# Chartering in the Windward Islands



## capta (Jun 27, 2011)

Many cruisers wish to augment their cruising budgets by chartering. I see the gleam of easy money for doing something they love, in the eyes of those cruisers we meet, when we mention we are chartering. Full term chartering is a lot of things, but 'easy money' isn't one of them. 
As a professional, every other boat I have chartered on has been owned by someone else and I’ve been hired to crew her up and make money (or not, but that’s a different post). It’s never been my home, just the place I live and work.
Full term chartering one’s own boat is a completely different thing. It is like inviting total strangers into your home and being on call 24 hours a day for a week or more.
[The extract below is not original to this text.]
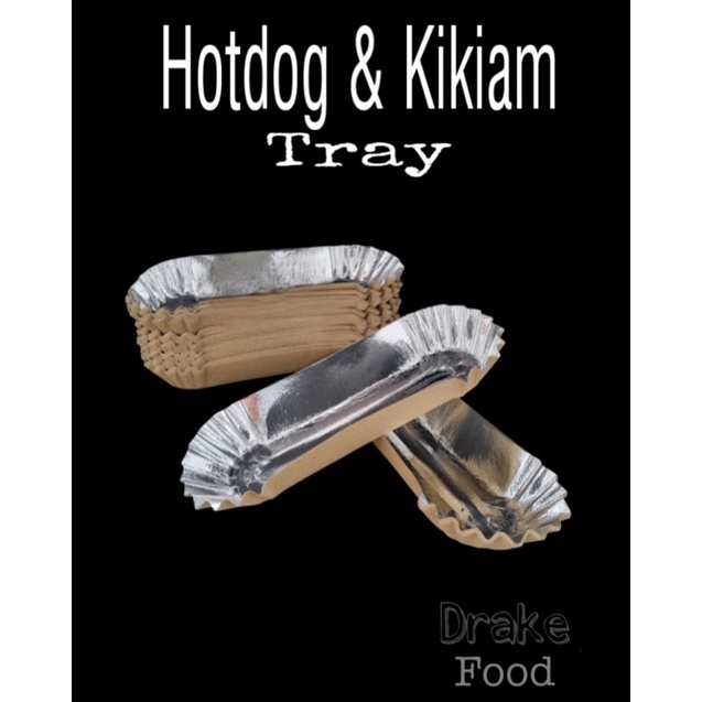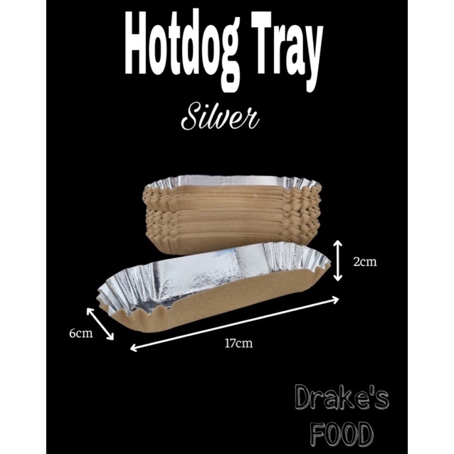 40pcs Hotdog and Kikiam tray Silver & White paper tray / white food tray by Drakes Food & Packaging

Only they can’t just step out the door and go for a walk. If they want to go ashore, you’ve got to take them. If they want to go for a swim or snorkel, you’ve got to watch them and be instantly available should they need assistance. If it’s rainy, then they might need entertaining. If they want a drink.... you get the idea.
Cruisers often talk about ‘weather windows’. Charter boats don’t! When it’s time to go, you go, whether it’s a flat calm or blowing 40 knots. In the latter case your boat takes a lot of punishment, as does her crew. Christmas is high season and the season of high winds. If you want to charter, then you will be crossing the channels in the height of the Christmas Winds, whether you enjoy it or not. Cancel a few charters because of equipment failure or any other reason and the brokers won’t offer you any more charters. I told one broker who had 4 passengers for us that we only take two passengers and she’s never contacted us again. I guess she doesn’t make enough money off two? I don’t know anyone making it only on the charters they get directly from their web site.
Food. Sometimes I think my wife a miracle worker of the first order. On two of our charters we could not buy limes or eggs on any of the islands we visited. What’s up with that? Menu planning flies right out the companionway when an item or ten just isn’t available THIS week. You’d think fresh fish would be a given. Guess again. Papayas, mangoes, pineapples and sweet oranges are all seasonal. You can’t book charters around food availability. 
And most importantly, you’ve got to make it all wonderful for your guests. We’ve had a honeymoon couple and a man’s dream 50th birthday. It’s not like there is a ‘do over’ for these special times. Some of our guests have saved many years for this ‘dream vacation’ and that is a huge responsibility. It needs to be everything they have dreamed of and more, if that’s possible. It is the crew’s duty not to allow their own physical or mental ills to tarnish their guests’ enjoyment. Where IS that bottle of Ibuprofen?
On the other side of the coin, the rewards are immeasurable. We now have friends with whom we can stay all over Europe. Friends who share their lives with us and watch ours via the internet with an understanding reserved for those few that have sailed with us. Friends whose recommendations are already filling up our schedule for next year and beyond, taking their friends and family members sailing in the West Indies.
Oh yeah, and it is nice to have a bit of extra money coming in. But ‘easy money’ it is not!


----------



## MarkofSeaLife (Nov 7, 2010)

Livin the dream, mate. Living the dream.


----------